The model of a bicycle is a unit segment $AB$ that can move in the plane so that it remains tangent to the trajectory of the point $A$ (the rear wheel is fixed to the bicycle frame). The same model describes the hatchet planimeter. The trajectory of the front wheel and the initial position of the bicycle uniquely determine its motion and its terminal position; the monodromy map sending the initial position to the final position arises in this context.

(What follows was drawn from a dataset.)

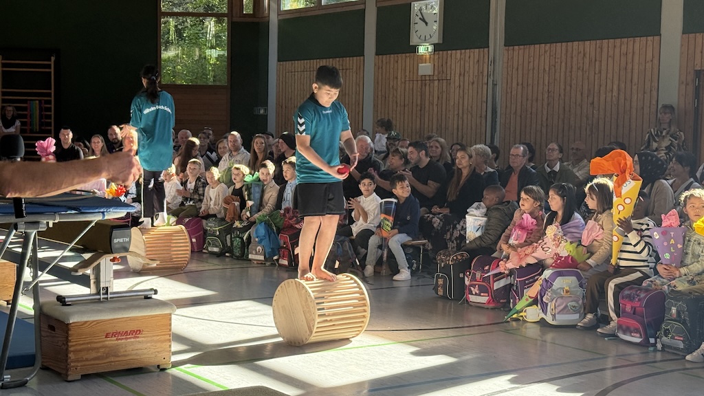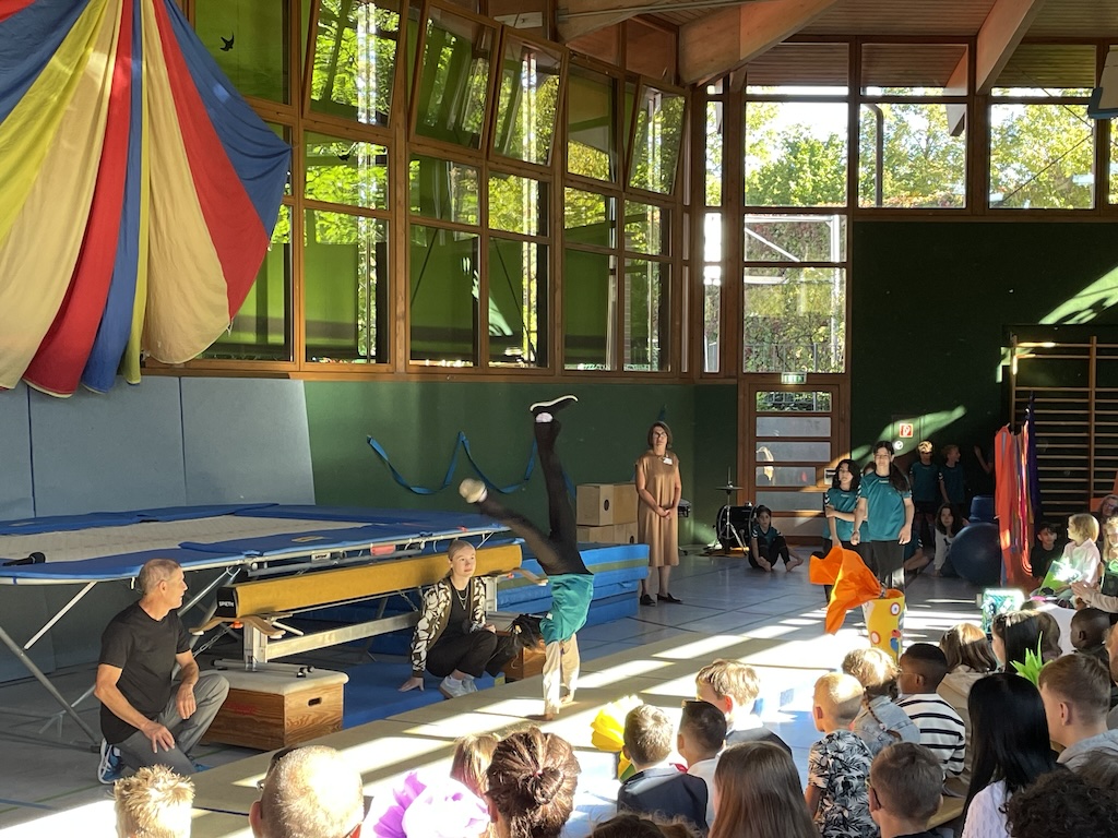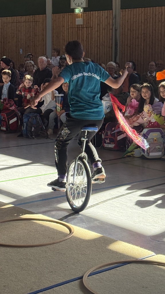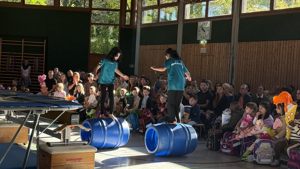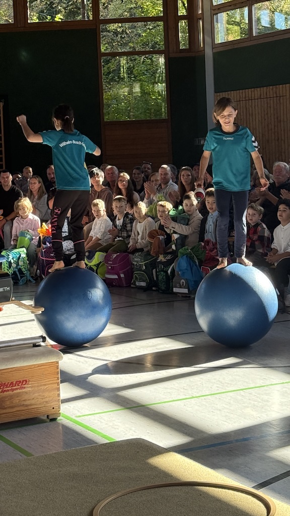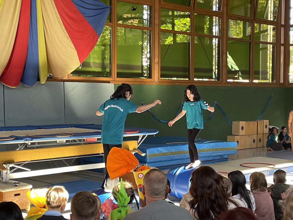 Vorne in der ersten Reihe saßen die 26 stolzen neuen Schulkinder, ausgestattet mit bunten Schulranzen und wunderschönen Schultüten. Nach einer kurzen Begrüßung durch die Schulleiterin Frau Schlenger stürmten die restlichen Kinder der Schule samt ihren Lehrerinnen die Halle. Mit dem Lied „Unsre Schule, die ist bunt“ hießen sie die neuen Erstklässlerinnen und Erstklässler an der Wilhelm-Busch-Schule willkommen. Anschließend folgte eine kurze Vorführung der letztjährigen Trommel-AG und die Klasse 6 führte einen schwungvollen Rap vor. Nun ging es sportlich weiter im Programm: Die Zirkuskinder zeigten unter der Leitung von Frau Schlenger und Sportlehrer Herrn Schober ihr Können und ernteten viel Applaus. Abgerundet wurde die Vorführung von den Klassen 2a und 2b mit dem Körperteil-Blues.

According to a theorem of R. Foote, this mapping of a circle to a circle is a Möbius transformation. We extend this result to the multidimensional setting. Möbius transformations belong to one of three types: elliptic, parabolic, and hyperbolic. We prove the century-old Menzin conjecture: if the front wheel track is an oval with area at least $\pi$, then the respective monodromy is hyperbolic. We also study bicycle motions introduced by D. Finn in which the rear wheel follows the track of the front wheel. Such a ``unicycle'' track becomes more and more oscillatory in the forward direction. We prove that it cannot be infinitely extended backward and relate the problem to the geometry of the space of forward semi-infinite equilateral linkages.
"On Bicycle Tire Tracks Geometry, Hatchet Planimeter, Menzin's Conjecture, and Oscillation of Unicycle Tracks." Experiment. Math. 18 (2) 173 - 186, 2009.